After reading my textbook last week, I found out that I am in an "Emotional Storm." It's a place in life where simple emotions seem complex and difficult. My text describes 6 causes of emotional storms - mine is transition. Transition from single to married life. Transition from working at a Chick-fil-A that's been open and established for a couple of years to a brand new one. Transition from living in an apartment to being a home owner. Transition of schools, transition of majors. In the past two years, I have experienced 5 major transitions. No wonder life seems a bit overwhelming!

Living in an emotional storm has made me feel powerless. I feel like I have no control over my stress, no control over my reactions to stress. I have felt weak, and I have felt weak about being weak. Know what I mean? Seeing ourselves overwhelmed can be frustrating. We think to ourselves, "Seriously, Sarah, this isn't that hard." Or "Of all things, that's what made you angry?" We beat ourselves up for not being able to control our reactions. We tell ourselves we're better than this. We tell ourselves we're being silly or petty.

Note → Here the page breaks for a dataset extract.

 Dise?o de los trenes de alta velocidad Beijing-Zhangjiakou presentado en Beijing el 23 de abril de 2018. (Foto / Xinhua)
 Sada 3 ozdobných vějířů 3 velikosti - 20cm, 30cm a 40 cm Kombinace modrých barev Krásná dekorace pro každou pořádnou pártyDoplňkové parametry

If little things are setting you off, it's probably not little things that are setting you off. It's little things that are bringing out the emotions you're trying to swallow. I had to sit down and come up with all of my big and little emotions. (My book describes them as primary and secondary emotions.) Let me give you an example:

Secondary (little) emotions: frustration, exhaustion, annoyance
Primary (big) emotions: fear (mostly in the form of worry), anger, and powerlessness

When we reach down deep and are honest with ourselves about what we feel, we sometimes see some ugly stuff. I didn't know I was angry. I didn't know I worried as much as I do. The beautiful part about primary emotions is that recognizing them is the first step towards healing. You can't find an antidote without knowing the poison, right? My easiest emotion to heal was powerlessness, because it is rooted in truth. Yes, I am powerless. I am a sinner. I am designed to mess up - it's part of human nature. I am powerless against the elements, powerless against events in my life, powerless against the attacks of Satan, when I try to do it all alone. But I don't have to do it alone. God allows us to be powerless so that He can be powerful. He allows us to be needy so we can turn to Him. We can do ALL things THROUGH CHRIST! I am not powerless against my stress. I am not powerless against my exhaustion.

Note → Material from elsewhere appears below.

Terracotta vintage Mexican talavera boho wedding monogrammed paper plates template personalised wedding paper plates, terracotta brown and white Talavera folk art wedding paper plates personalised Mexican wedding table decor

I would guess that one of the worst emotions associated with stress is powerlessness - because we feel that whatever is creating our stress is outside of our control. I know I can't be the only person out there watching life fly by at a billion miles per hour. I know I'm not the only one grasping at anything to hold on to - anything that we can control. I'm not a particularly controlling person (or at least I like to think so) and I'm struggling with that. To my friends who are stressed out, feeling powerless, feeling alone, feeling bombarded, know that you are not alone. Whatever your primary feelings are, and whatever the reason is that you're feeling them, please know that you are not powerless against them. Christ knows the depth of our hearts, and He knows what you need to heal. Seek Him and He will provide a way out. 1 Corinthian 10:13 says that God always provides a way out - He never makes us endure more than we can bear. You don't have to be overwhelmed or controlled by your emotions. You are not powerless against them.

By the way, my "textbook" is just a regular, Christ-centered book that I highly recommend to anyone who wants to know more about themselves. It's called Why You Do The Things You Do and it's by Dr. Tim Clinton and Dr. Gary Sibcy.